▶ WORK TASK:
For the copy, please give all of the data again exactly and leave the pictures out.

[RECORD SET — start]

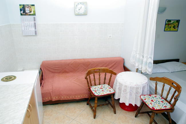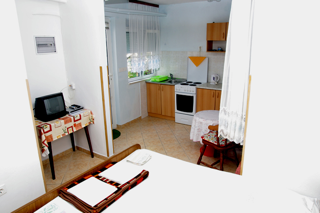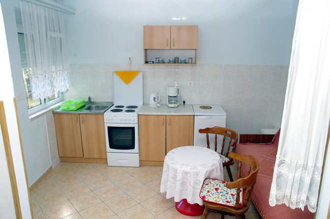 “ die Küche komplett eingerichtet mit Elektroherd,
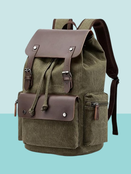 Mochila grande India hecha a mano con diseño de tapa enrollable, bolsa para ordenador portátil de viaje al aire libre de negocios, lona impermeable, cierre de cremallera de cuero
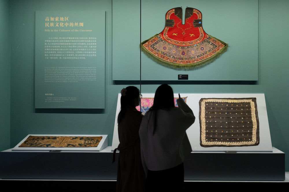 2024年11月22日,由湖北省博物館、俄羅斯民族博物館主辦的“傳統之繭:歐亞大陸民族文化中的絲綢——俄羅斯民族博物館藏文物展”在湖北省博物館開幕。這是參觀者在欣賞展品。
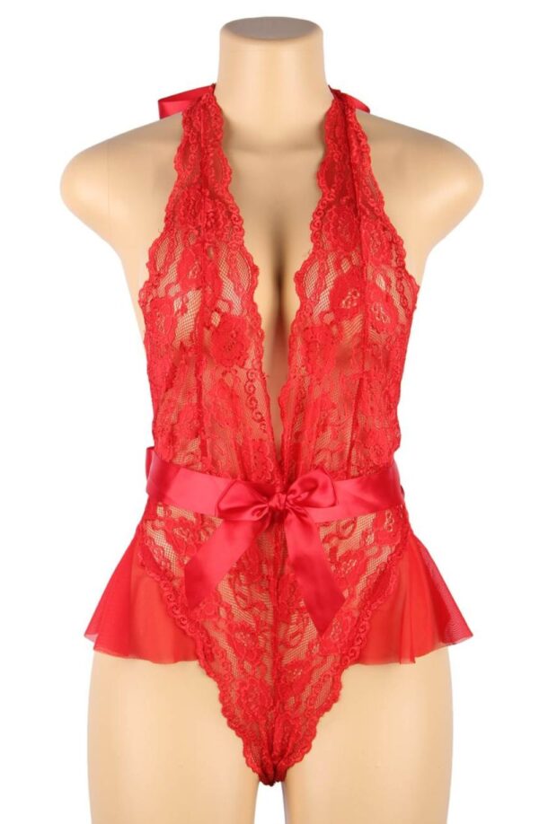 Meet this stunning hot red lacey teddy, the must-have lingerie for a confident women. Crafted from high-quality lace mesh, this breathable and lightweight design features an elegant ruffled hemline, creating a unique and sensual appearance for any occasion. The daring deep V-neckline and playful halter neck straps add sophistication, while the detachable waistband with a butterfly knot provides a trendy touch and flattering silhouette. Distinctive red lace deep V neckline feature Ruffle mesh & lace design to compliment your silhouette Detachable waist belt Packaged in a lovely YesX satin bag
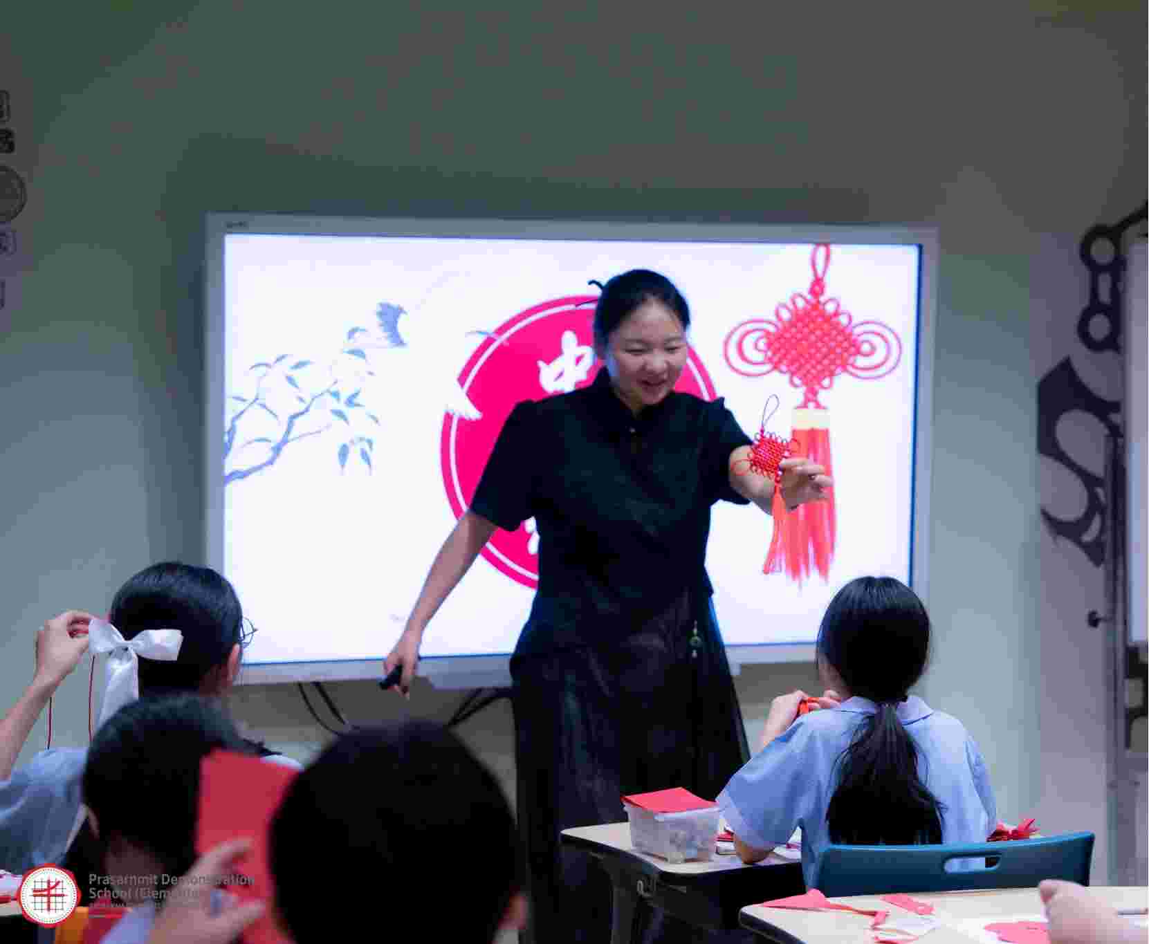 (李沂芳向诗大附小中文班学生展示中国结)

[RECORD SET — finish]

▶ TASK RESULT:
 “ die Küche komplett eingerichtet mit Elektroherd,
 Mochila grande India hecha a mano con diseño de tapa enrollable, bolsa para ordenador portátil de viaje al aire libre de negocios, lona impermeable, cierre de cremallera de cuero
 2024年11月22日,由湖北省博物館、俄羅斯民族博物館主辦的“傳統之繭:歐亞大陸民族文化中的絲綢——俄羅斯民族博物館藏文物展”在湖北省博物館開幕。這是參觀者在欣賞展品。
 Meet this stunning hot red lacey teddy, the must-have lingerie for a confident women. Crafted from high-quality lace mesh, this breathable and lightweight design features an elegant ruffled hemline, creating a unique and sensual appearance for any occasion. The daring deep V-neckline and playful halter neck straps add sophistication, while the detachable waistband with a butterfly knot provides a trendy touch and flattering silhouette. Distinctive red lace deep V neckline feature Ruffle mesh & lace design to compliment your silhouette Detachable waist belt Packaged in a lovely YesX satin bag
 (李沂芳向诗大附小中文班学生展示中国结)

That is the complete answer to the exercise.